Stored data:
┄┄┄┄┄┄┄┄┄┄┄┄┄┄┄┄┄┄┄┄
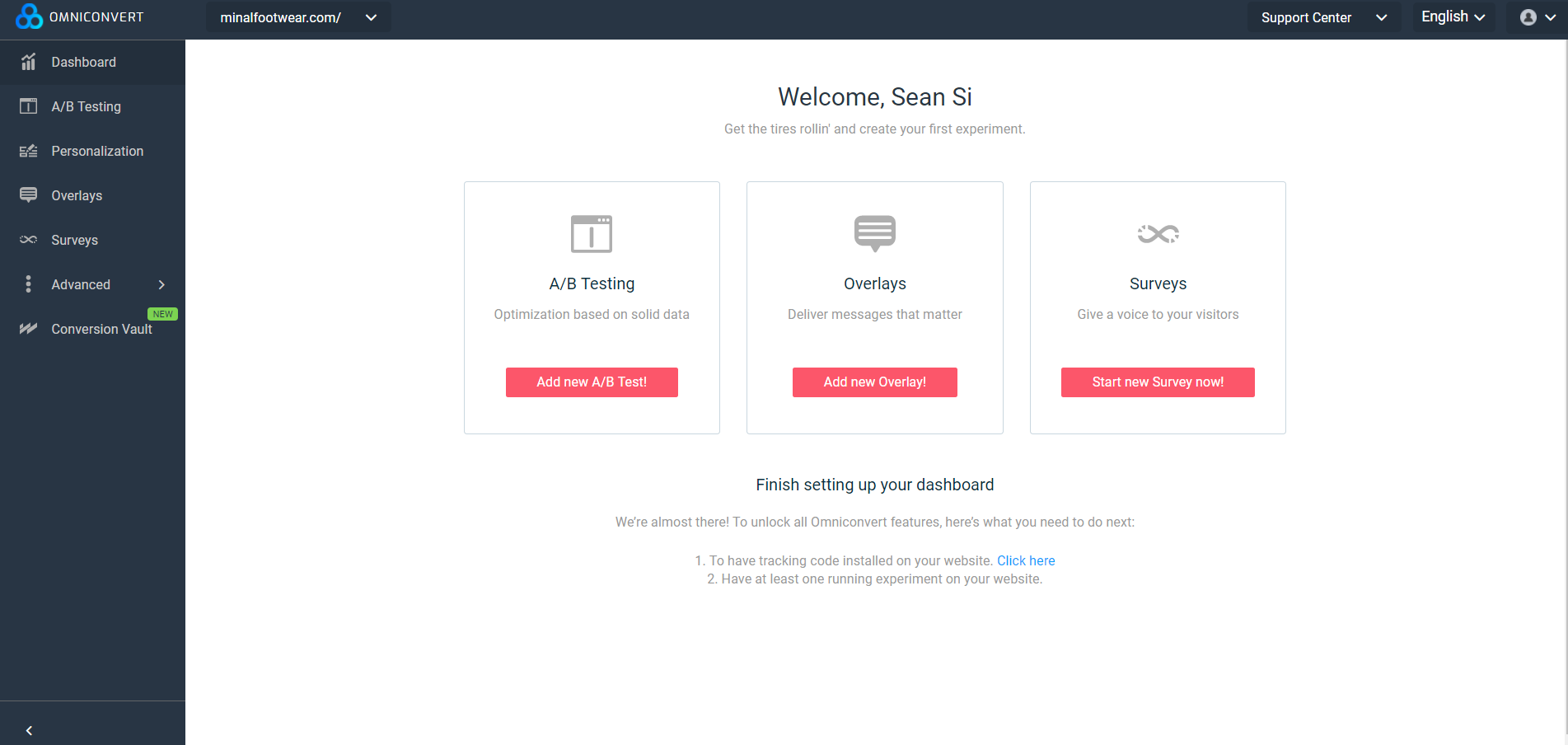 Upon logging in, you would instantly be able to view the dashboard, where you can access all of the features Omniconvert has to offer. You can instantly start using these features upon adding your website, which can be accessed on the top-left corner next to the logo.
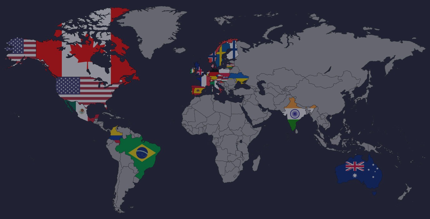 Australia, Austria, Belgium, Brazil, Canada, Colombia, Croatia, Czech Republic, Denmark, England, Finland, France, Germany, Hungary, India, Ireland, Italy, Latvia, Lithuania, Luxembourg, Malta, Mexico, Netherlands, Norway, Poland, Portugal, Romania, Scotland, Slovakia, Slovenia, Spain, Sweden, Switzerland, Ukraine, United States of America, Wales.
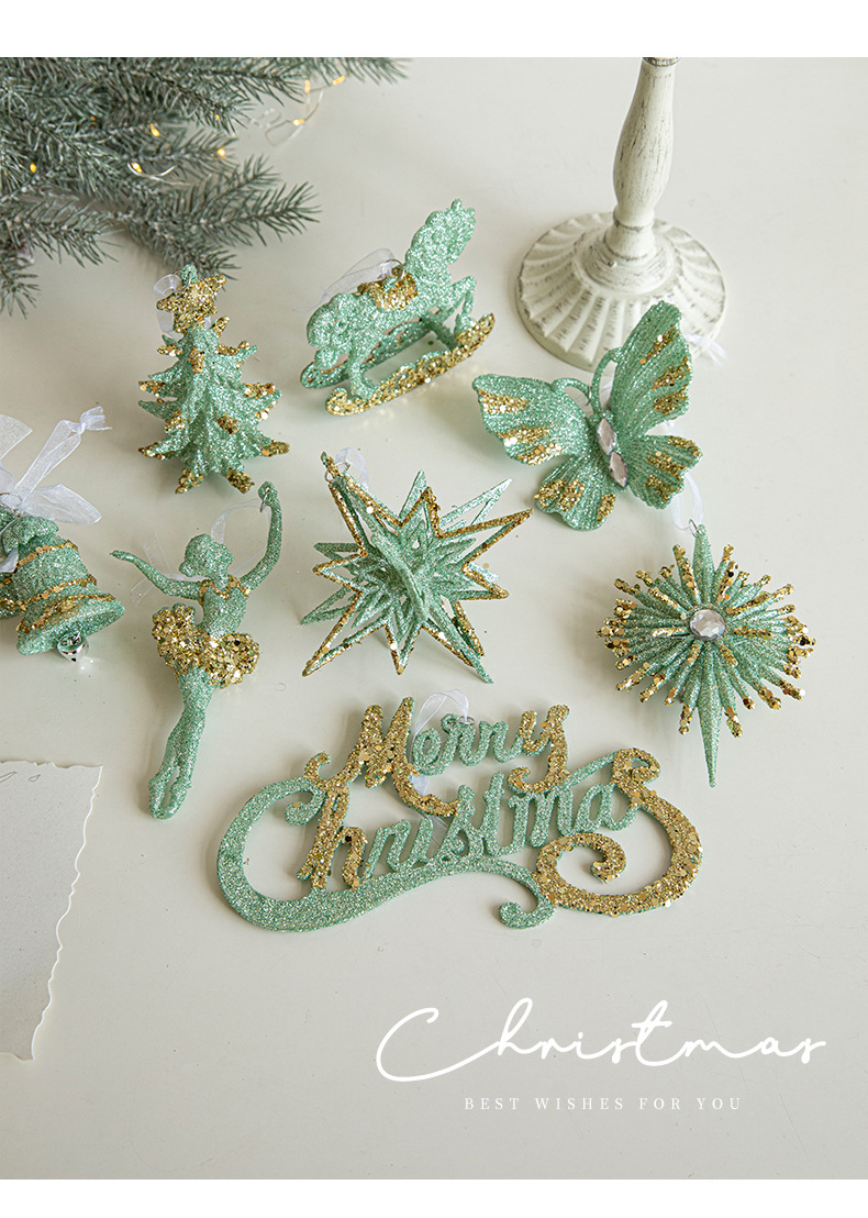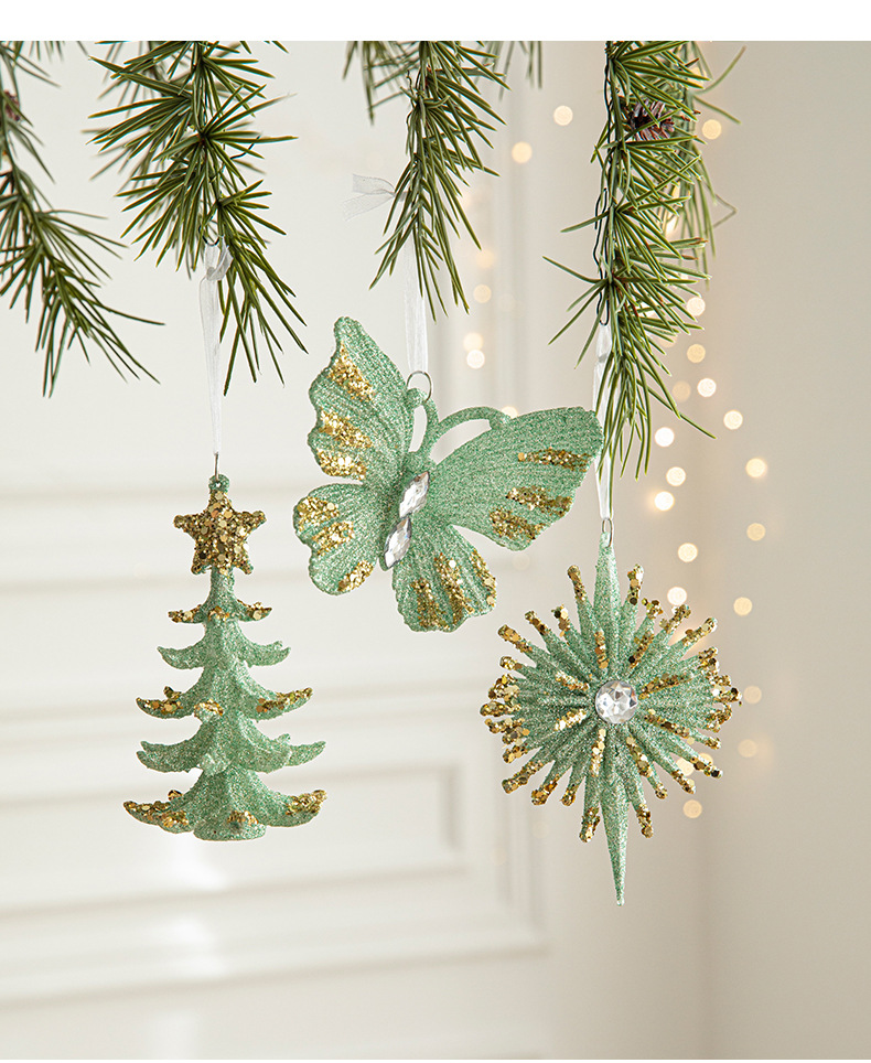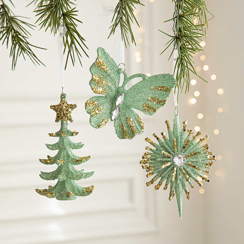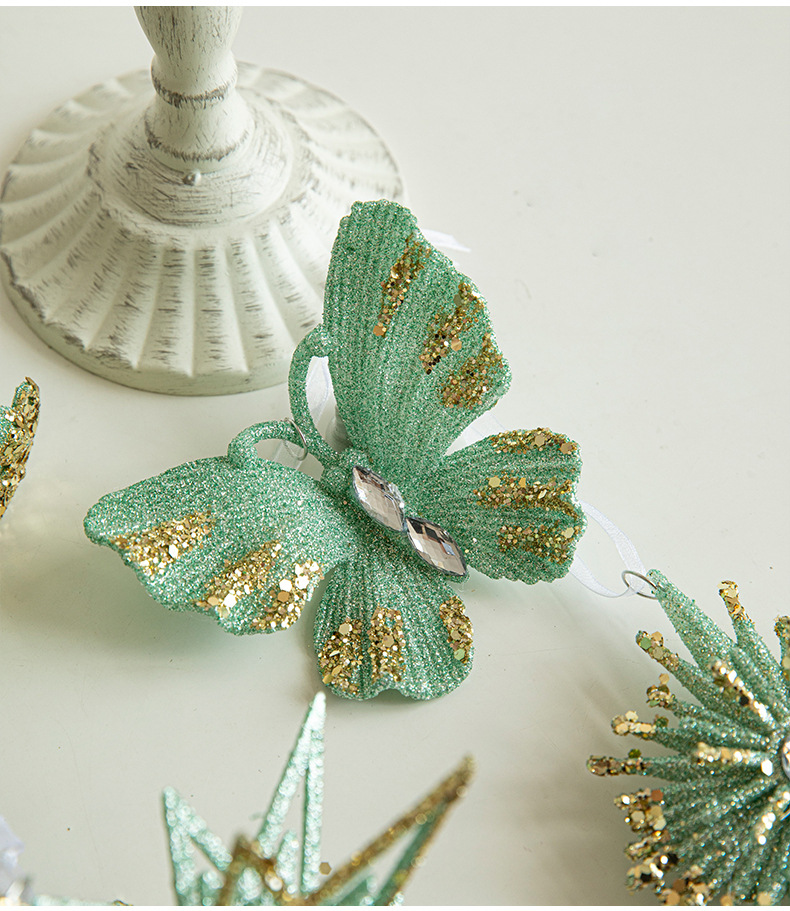 New Christmas decorations, green butterfly ornaments, Christmas tree pendants, European plastic decoration supplies in stock
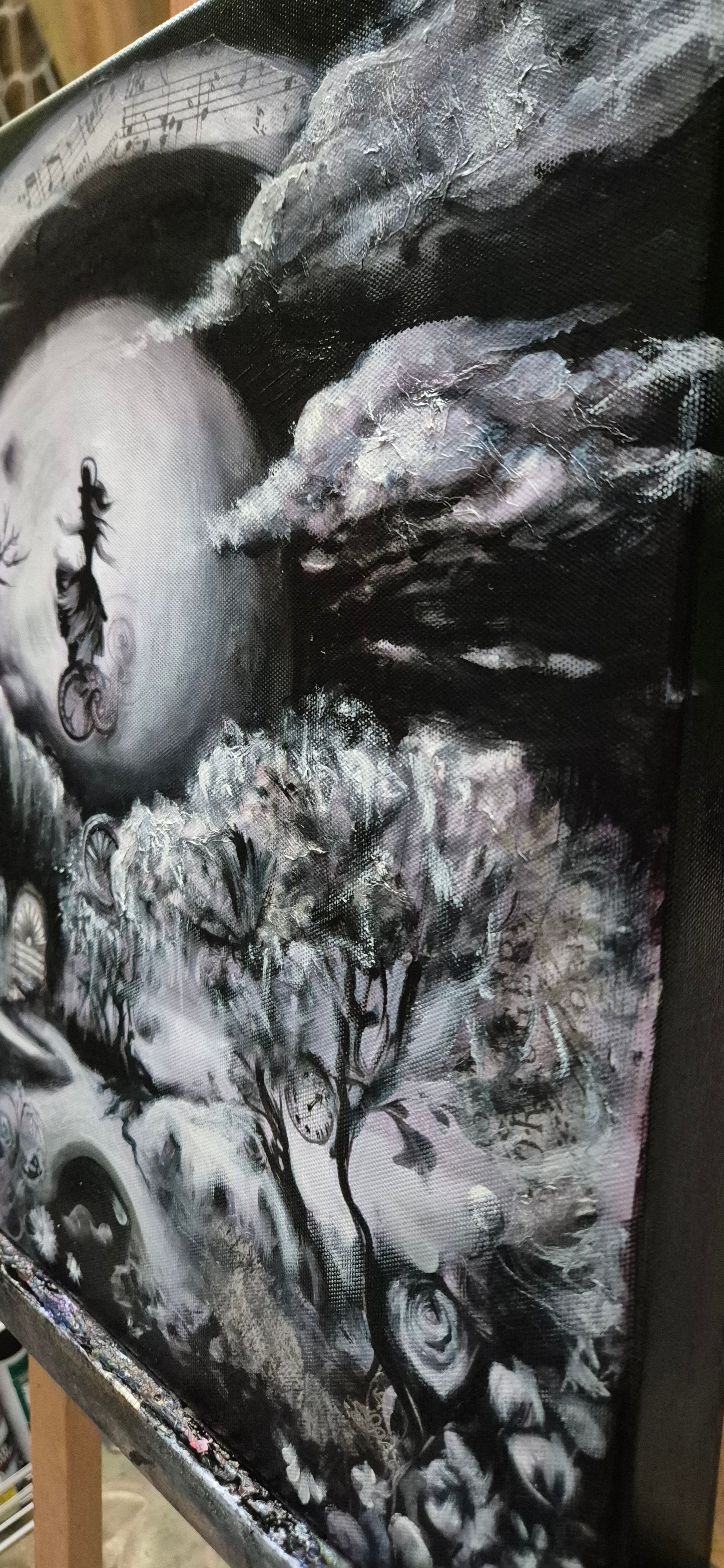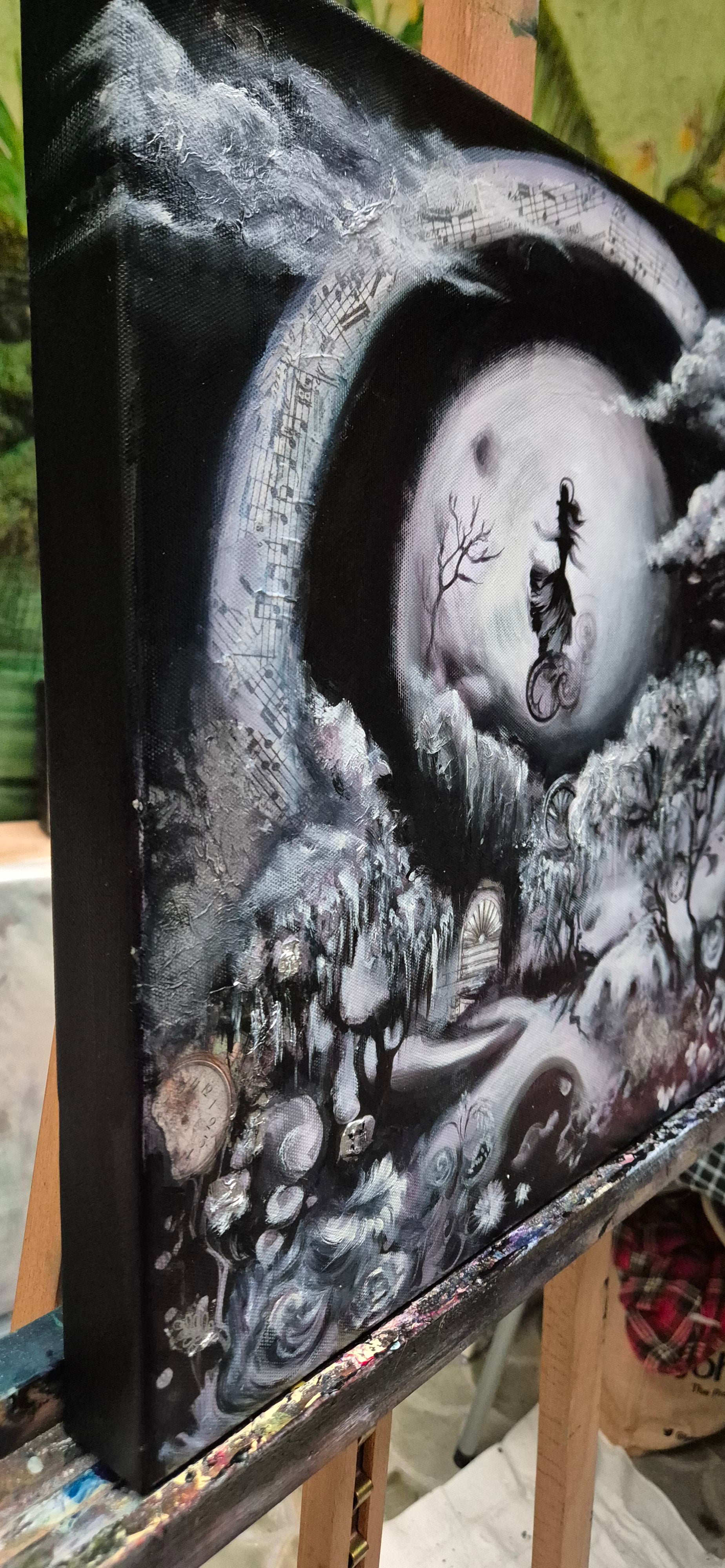 “Full moon in Wonderland” is a part of Midnight in Wonderland abstract series exploring the intricate balance between reality and imagination, and the profound depths of Alice in Wonderland, a cherished childhood favourite.
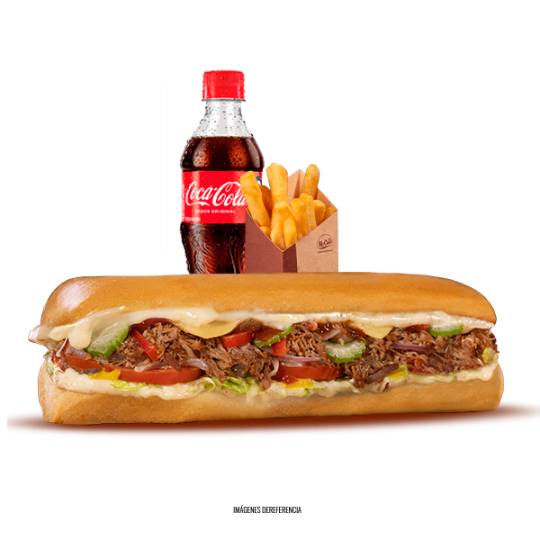 1 Sándwich Personal 21cm Pollo Bbq + 1 Papas Pequeñas + Coca cola
┄┄┄┄┄┄┄┄┄┄┄┄┄┄┄┄┄┄┄┄
» ACTION ITEM
Transcribe every line in the entries above, taking out only the images.

» ANSWER TO THIS TASK
 Upon logging in, you would instantly be able to view the dashboard, where you can access all of the features Omniconvert has to offer. You can instantly start using these features upon adding your website, which can be accessed on the top-left corner next to the logo.
 Australia, Austria, Belgium, Brazil, Canada, Colombia, Croatia, Czech Republic, Denmark, England, Finland, France, Germany, Hungary, India, Ireland, Italy, Latvia, Lithuania, Luxembourg, Malta, Mexico, Netherlands, Norway, Poland, Portugal, Romania, Scotland, Slovakia, Slovenia, Spain, Sweden, Switzerland, Ukraine, United States of America, Wales.
 New Christmas decorations, green butterfly ornaments, Christmas tree pendants, European plastic decoration supplies in stock
 “Full moon in Wonderland” is a part of Midnight in Wonderland abstract series exploring the intricate balance between reality and imagination, and the profound depths of Alice in Wonderland, a cherished childhood favourite.
 1 Sándwich Personal 21cm Pollo Bbq + 1 Papas Pequeñas + Coca cola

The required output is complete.